Matthew Smilansky

Posted on Jun 18, 2023 • Edited on Jun 20, 2023 • Originally published at blog.gumshoe.dev

Understanding git diff Output

#git #github #softwareengineering #programming

git diff can be a confusing command to understand. In this tutorial, I aim to demystify the command by clarifying its ambiguities and clearly outlining its syntax so you never have to go "huh?" when it comes to git diff ever again.

What is a Diff?

In Git, a diff shows the changes between two different states of your repository. These are some common comparisons that can be made using the git diff command:

The working tree (or working directory) and the index (the staging area)
The working tree and another tree
The main branch and a feature branch
The local repository and the remote repository

A good way to internalize the purpose of git diff is to remember that it is meant to show us the difference between two specific states of your project at different stages. If you wanted to know the difference or diff between your working directory and your staging area, you would use git diff to portray this difference.
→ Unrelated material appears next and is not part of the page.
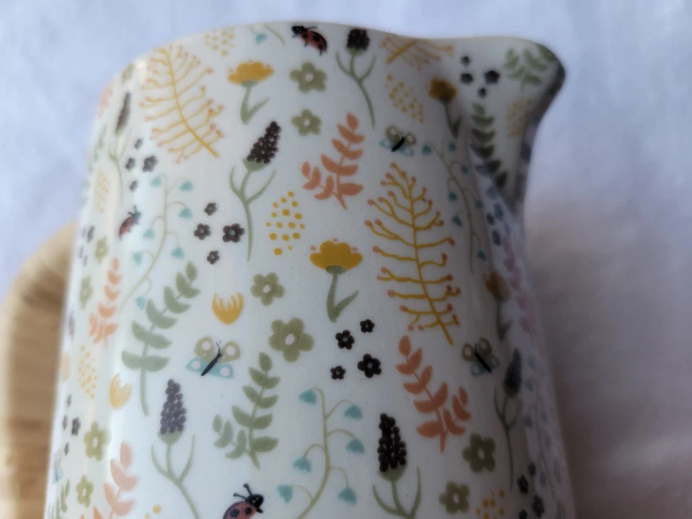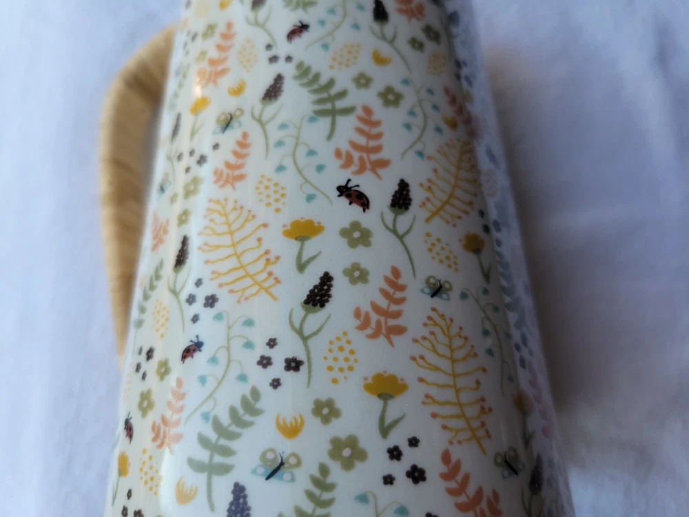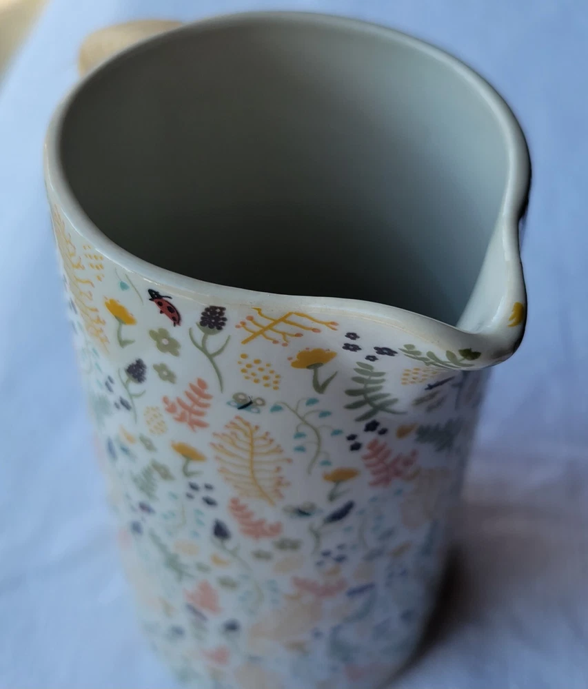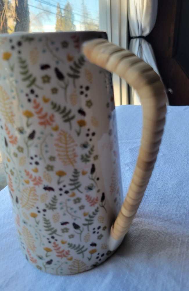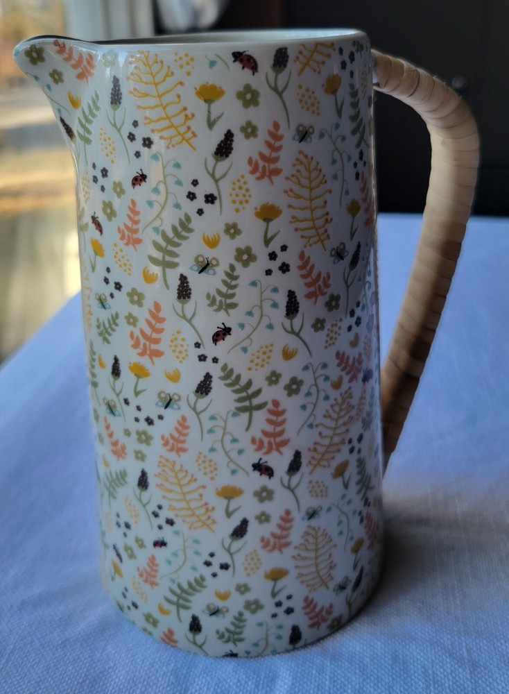 The Creative Co-Op Stoneware Pitcher features a charming farm house style with a vibrant multicolor floral pattern adorning its surface. Made of stoneware, this original pitcher is designed with elegant handles wrapped in rattan for a touch of rustic charm. Crafted using pottery techniques, this pitcher is a delightful addition to any kitchen or dining space, perfect for serving beverages. 5-1/2"L x 4"W x 6-3/4"H / 24 oz. 5-1/2"L x 4"W x 6-3/4"H / 24 oz. Color: Floral Pattern / Multi Color Floral Pattern / Multi Color Material: Stoneware Stoneware Add to cart Comprar con More payment options Please email us about this product. Share this This pitcher is perfect for serving friends and family. Made out of stoneware, this pitcher features a beautiful multi-colored floral pattern and a rattan wrapped handle. Serve refills of tea, lemonade, and water in a beautiful fashion! You may also like Artois pitcher $99.00 Hand-Painted Stoneware Pitcher with Debossed Florals $59.00 Eleadora pitcher $69.00 TEA CANISTER GIFT SET $109.00 Heart Art Handmade around the world. Sustainable artisan pieces, worldwide shipping. Inspired by travel. SEARCH RETURN POLICY INSTAGRAM TERMS OF SERVICE © 2025. All rights reserved. Made by Lanzi Spanish USD $

As I've already stated, you can use git diff to show the changes between the different states of your repository. For the sake of this tutorial's main purpose, which is to clarify the git diff output syntax, I will demonstrate a basic example that uses git diff without arguments. In this form, git diff shows changes between the working tree and the index, also known as the working directory and staging area, respectively.

Code-Along Example

For this example, I urge you to code along, but it is not required.

Step 1: Create A New Git Repository

From anywhere on your computer (this example will assume we are starting from our home directory), run the following commands, which will:
- Create a new directory named git_diff_tutorial.
- cd into that directory.
- Initialize a new Git repository.

mkdir git_diff_tutorial
cd git_diff_tutorial
git init

Step 2: Create a New File and Add Content

Run the following commands, which will:
- Create a new file, a.txt.
- Add content to a.txt.

# From within ~/git_diff_tutorial, run these commands:
touch a.txt
echo "This is the change in the staging area." > a.txt

Step 3: Add the Change to the Staging Area

Run the following command, which will:
- Add a.txt to the staging area:

git add a.txt

Step 4: Add More Content to the File

Now that you've added content (i.e. made changes) to the file and staged the file with said changes to the staging area, let's add some more content to the file, which will result in a difference between the version of the file as it exists in the staging area and the version of the file in the working directory:

# For the curious, -e enables interpretation of backslash escapes; this allows us to add an escape sequence for a newline (\n) so that we have two lines in our file.
echo -e "\nThis is the change in the working directory." >> a.txt

Now, run git status so that we may see the current status of our working directory:

$ git status                                                             

On branch main

No commits yet

Changes to be committed:
  (use "git rm --cached <file>..." to unstage)
    new file:   a.txt 

Changes not staged for commit:
  (use "git add <file>..." to update what will be committed)
  (use "git restore <file>..." to discard changes in working directory)
    modified:   a.txt

As you can see, we have two kinds of changes on our hands:

1. Changes to be committed (i.e., changes you've made to the file and ran `git add` on). These changes are now in your *index*, also known as the staging area.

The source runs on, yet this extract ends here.